**Aim of the task:** Pictures in the records below must be left out. Return exactly the lines from the line with "At the conclusion" to the line with "2020年1月11日,寶塔山", both included.

**Material for the task:**
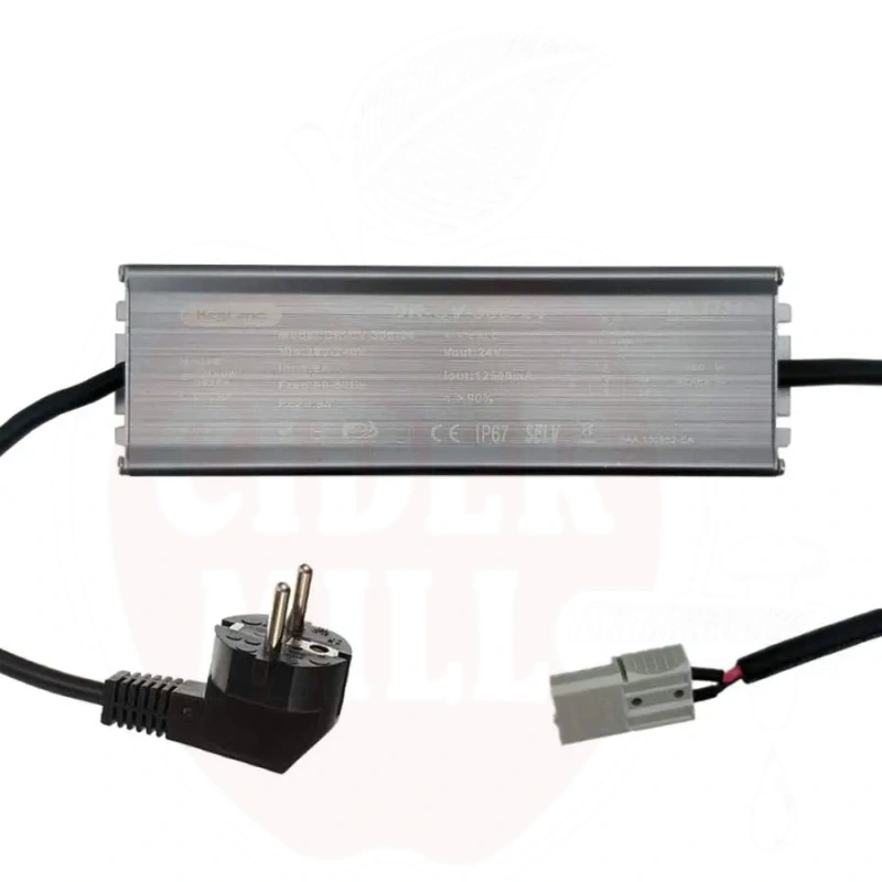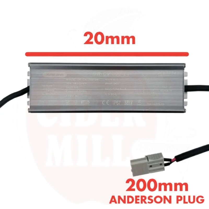 Technical data: Input Voltage: 220-240V AC (50-60Hz). Input Current: 1.9amp. Output Voltage: 24V. Output Current: 12.5amp. Efficiency: greater than 90%. PF: greater than 0.95. Overload Protection: Yes. Outlet Plug: Anderson Socket.
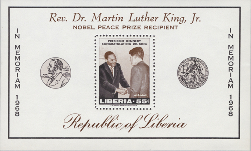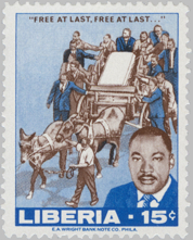 Below each stamp are given its Scott catalog number to the left, date of issue to the right, and information about the catalog value in the middle (mint - used). Values are mainly based on Scott and Michel 2012 catalogs, and are coded by falling into one of ten price ranges, indicated by the number of diamonds: ” = below 30c, ♦♦” = 30c..99c, ♦♦♦” = $1..$2.99, ♦♦♦♦” = $3..$9.99, ♦♦♦♦♦” = $10..$29, ♦♦♦♦♦♦” = $30..$99, ♦♦♦♦♦♦♦” = $100..$299, ♦♦♦♦♦♦♦♦” = $300..$999, ♦♦♦♦♦♦♦♦♦” = $1000..$2999, ♦♦♦♦♦♦♦♦♦♦” = $3000 and above. Catalog prices for many Liberian stamps are dubious, but at least this should give you a hint if some stamp is waste paper or your ticket to Rio!
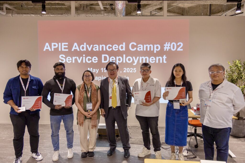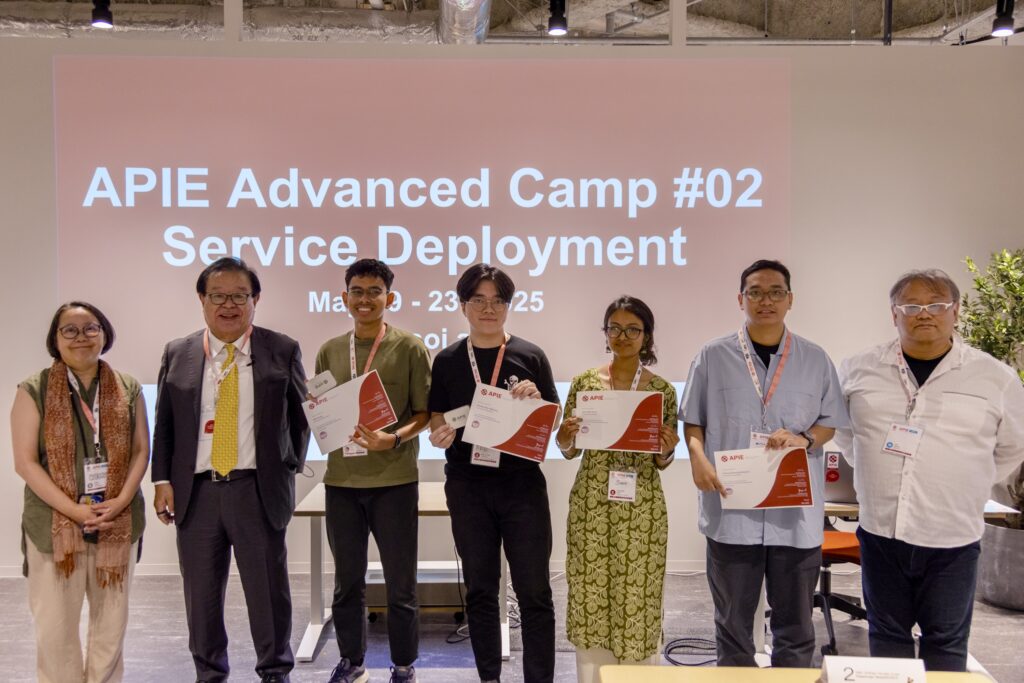 At the conclusion of the camp, Prof. Jun Murai (Keio) handed a certificate of participation to each team member, along with a set of APIE-themed stickers and a USB drive as a small token of appreciation.
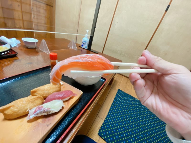マグロ、タイ、サーモン、いなりって、みんなが大好きなお寿司のチョイス。
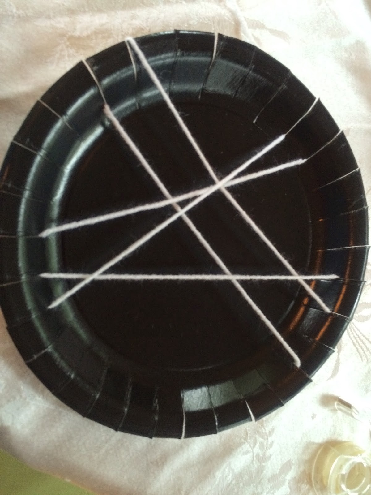 2. Tape one end of the white yarn to the back of the plate.
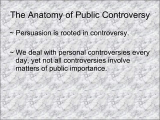 This document discusses persuasive speaking in a democratic society. It explains that persuasion is rooted in controversy and involves questions of fact, value, and policy. It also outlines the concepts of ethos, pathos, and logos in persuasive appeals. Ethos refers to the speaker's credibility, pathos to emotional appeals, and logos to the use of evidence. The document provides tips for strengthening ethos, such as sharing experiences with the audience, citing experts, and considering different viewpoints. It also notes the importance of appealing to audience emotions through techniques like affective language and vivid details.
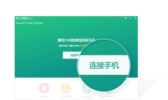 请使用USB数据线,把您的手机与电脑相连,随后点击“一键ROOT”按钮。
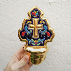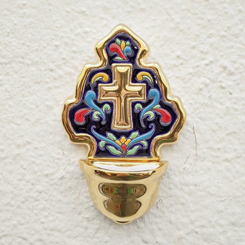 Benditera de cerámica - 21 cm. (8") - "Cuerda seca" - 24k Gold/Oro - Hecho en Sevilla, Andalucía -
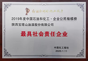 2020年1月11日,寶塔山漆被評為2019年度最具社會責(zé)任企業(yè)
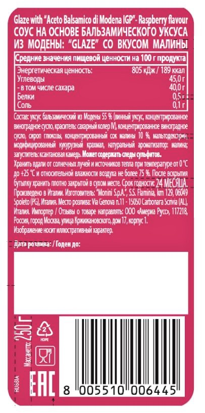 Уксус бальзамический из Модены 55 % (винный уксус, концентрированное виноградное сусло, краситель: сахарный колер IV), концентрированное виноградное сусло, сироп глюкозы, концентрированный сок малины 10 %, мальтодекстрин, модифицированный кукурузный крахмал, натуральный ароматизатор: малина; загуститель: ксантановая камедь.

**Reply to the task:**
 At the conclusion of the camp, Prof. Jun Murai (Keio) handed a certificate of participation to each team member, along with a set of APIE-themed stickers and a USB drive as a small token of appreciation.
マグロ、タイ、サーモン、いなりって、みんなが大好きなお寿司のチョイス。
 2. Tape one end of the white yarn to the back of the plate.
 This document discusses persuasive speaking in a democratic society. It explains that persuasion is rooted in controversy and involves questions of fact, value, and policy. It also outlines the concepts of ethos, pathos, and logos in persuasive appeals. Ethos refers to the speaker's credibility, pathos to emotional appeals, and logos to the use of evidence. The document provides tips for strengthening ethos, such as sharing experiences with the audience, citing experts, and considering different viewpoints. It also notes the importance of appealing to audience emotions through techniques like affective language and vivid details.
 请使用USB数据线,把您的手机与电脑相连,随后点击“一键ROOT”按钮。
 Benditera de cerámica - 21 cm. (8") - "Cuerda seca" - 24k Gold/Oro - Hecho en Sevilla, Andalucía -
 2020年1月11日,寶塔山漆被評為2019年度最具社會責(zé)任企業(yè)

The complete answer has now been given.